BACKGROUND & AIMS: :Lymphedema is a dreaded complication of cancer treatment. However, despite the fact that >5 million Americans are affected by this disorder, the development of effective treatments is limited by the fact that the pathology of lymphedema remains unknown. The purpose of these studies was to determine the role of inflammatory responses in lymphedema pathology. Using mouse models of lymphedema, as well as clinical lymphedema specimens, we show that lymphatic stasis results in a CD4 T-cell inflammation and T-helper 2 (Th2) differentiation. Using mice deficient in T cells or CD4 cells, we show that this inflammatory response is necessary for the pathological changes of lymphedema, including fibrosis, adipose deposition, and lymphatic dysfunction. Further, we show that inhibition of Th2 differentiation using interleukin-4 (IL-4) or IL-13 blockade prevents initiation and progression of lymphedema by decreasing tissue fibrosis and significantly improving lymphatic function, independent of lymphangiogenic growth factors. We show that CD4 inflammation is a critical regulator of tissue fibrosis and lymphatic dysfunction in lymphedema and that inhibition of Th2 differentiation markedly improves lymphatic function independent of lymphangiogenic cytokine expression. Notably, preventing and/or reversing the development of pathological tissue changes that occur in lymphedema may be a viable treatment strategy for this disorder.
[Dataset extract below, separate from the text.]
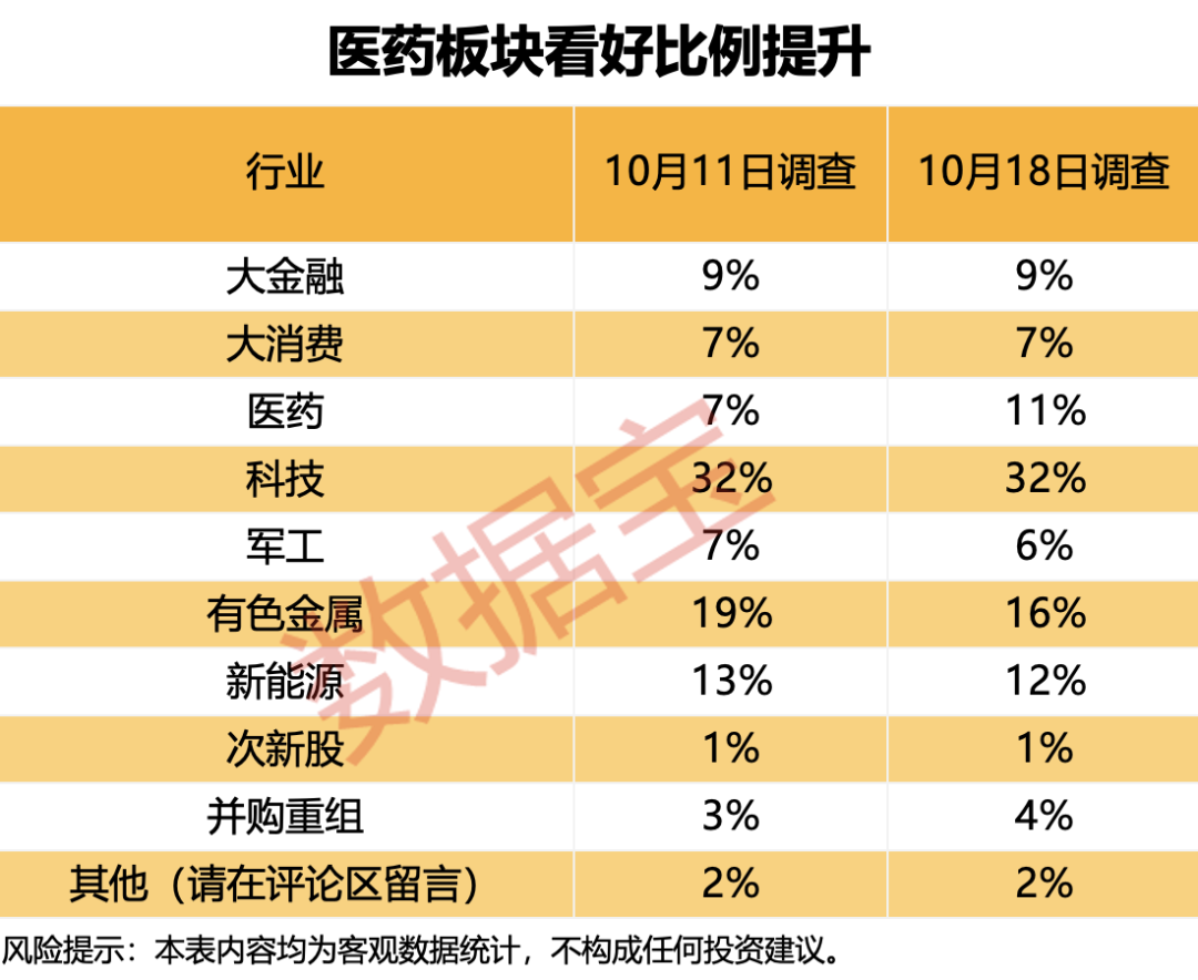 最新调查显示,看好医药板块的投资者比例明显提升。

背景与目标： ：淋巴水肿是一种可怕的癌症治疗并发症。然而，尽管事实上有超过500万美国人受到这种疾病的影响，但淋巴水肿的病理学仍然未知，这限制了有效疗法的发展。这些研究的目的是确定炎症反应在淋巴水肿病理中的作用。使用小鼠模型的淋巴水肿，以及临床淋巴水肿标本，我们显示淋巴淤积导致CD4 T细胞炎症和T辅助2（Th2）分化。使用缺乏T细胞或CD4细胞的小鼠，我们表明这种炎症反应对于淋巴水肿的病理变化（包括纤维化，脂肪沉积和淋巴功能障碍）是必需的。此外，我们显示，使用白介素4（IL-4）或IL-13阻滞抑制Th2分化可通过减少组织纤维化并显着改善淋巴功能来防止淋巴水肿的发生和进展，而与淋巴管生成生长因子无关。我们显示，CD4炎症是淋巴水肿中组织纤维化和淋巴功能障碍的关键调节器，抑制Th2分化显着提高了淋巴功能，而与淋巴管生成细胞因子的表达无关。值得注意的是，预防和/或逆转在淋巴水肿中发生的病理组织改变的发展可能是该疾病的可行治疗策略。